Determine if this year is an El Niño year or not
- Discuss with students the different means of detecting an El Niño using satellite imagery in conjunction with information from buoys stationed in the Pacific.
- Orient students to the different scales used in the satellite images.
- From the NOAA AVHRR imagery locate the areas of warmer water.
- From the TOPEX/POSEIDON imagery locate the areas of higher sea level. In general where are the areas of higher water located? (nearer to the equator than the poles) How do the areas with higher water compare to the areas with increased average water temperature?
- Discuss how the weakening of the trade winds is an important factor in the growth of an El Niño.
- Give students two different years of data from the buoys in the Pacific Ocean and ask them to characterize each one in terms of average wind speed and direction.
- Given all of this information, which year do you think represents an El Niño year?

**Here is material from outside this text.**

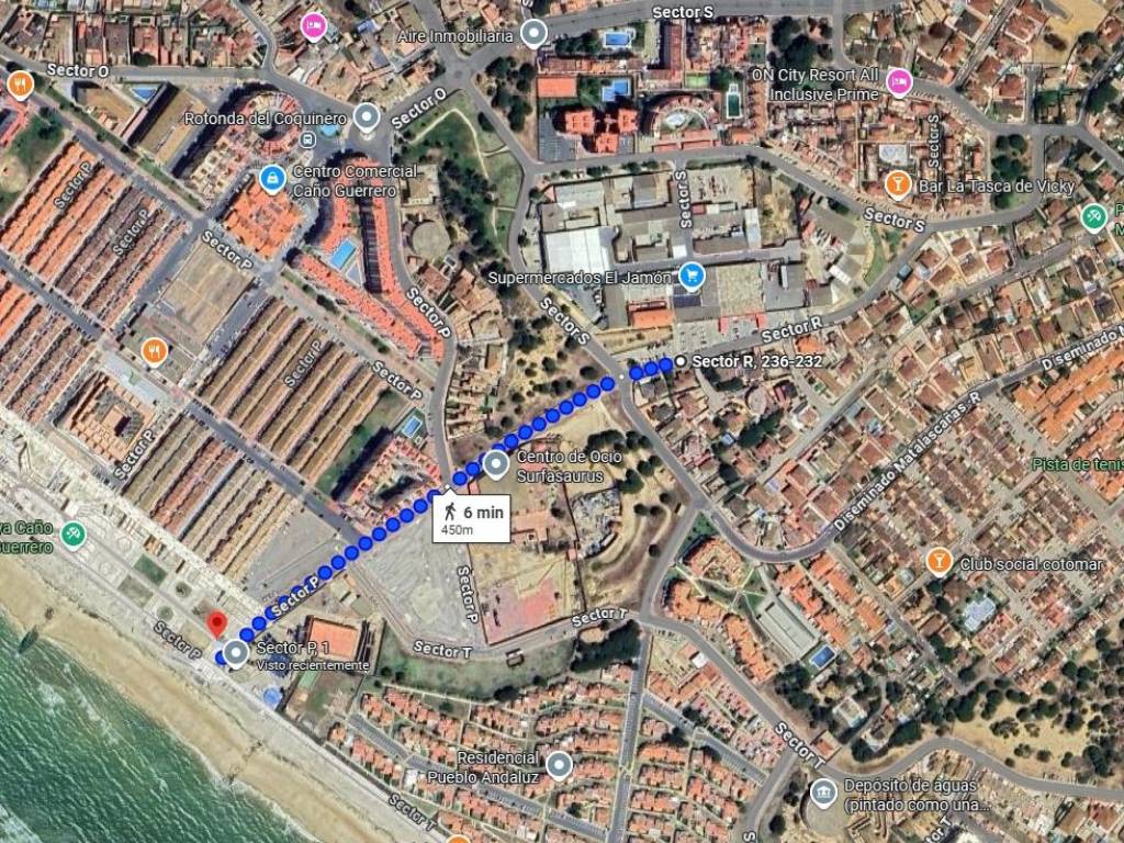 Se vende vivienda en una ubicación inmejorable, a tan solo 450 metros de la playa (6 minutos andando según Google Maps) y justo al lado del supermercado El Jamón, lo que aporta comodidad y servicios al alcance de la mano.
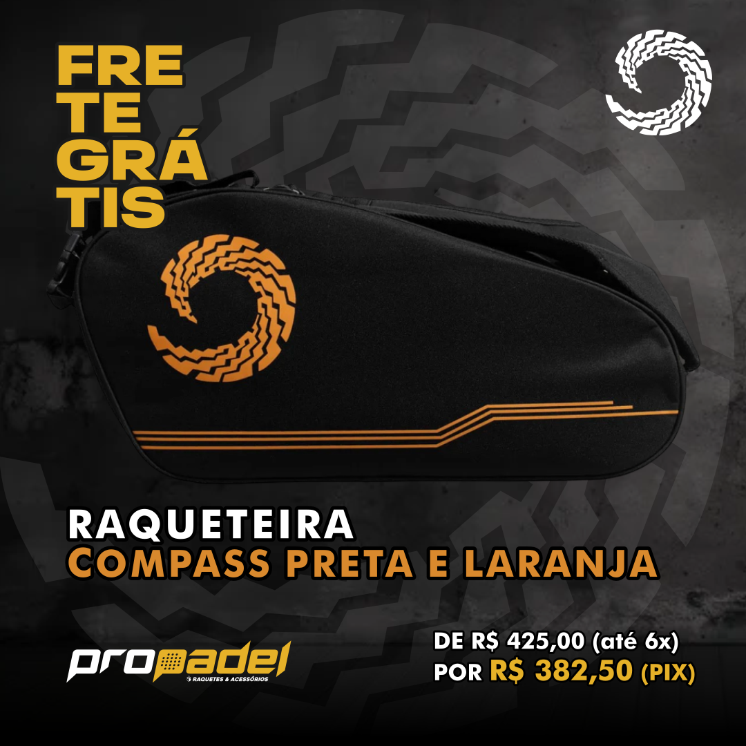 Com design moderno, a Raqueteira Compass Preto com Laranja é prática para transportar suas raquetes e acessórios. Além do tamanho médio, seu formato mochila facilita a locomoção.

Fisheries Impacted by El Niño
Many traditional fisheries are impacted by the presence of an El Niño. Fisheries depend on upwelling conditions to provide food for the fish they are collecting. In an El Niño year upwelling ceases along the eastern Pacific. Research the locations and types of fisheries in the Pacific Ocean. Determine which areas and fisheries are likely to be most impacted by El Niño.
Societal Impacts of Flooding
Weather forecasters often refer to severe storms as a 50-year storm or a 100-year storm. What do they mean by that? For comparison, geologist Ken Fink averaged data from most of the 20th century for Portland, Maine. The average elevation of water above the national geodetic vertical data established in 1929 for a 100-year storm is 2.92 meters. For a 50-year storm it is 2.86 meters and for a 10 year storm it is 2.60 meters.
Mark these heights on a stake or pole and hold it vertically against the school building to envision the effect of those storms. What would happen to your neighborhood or town if one of these storms struck?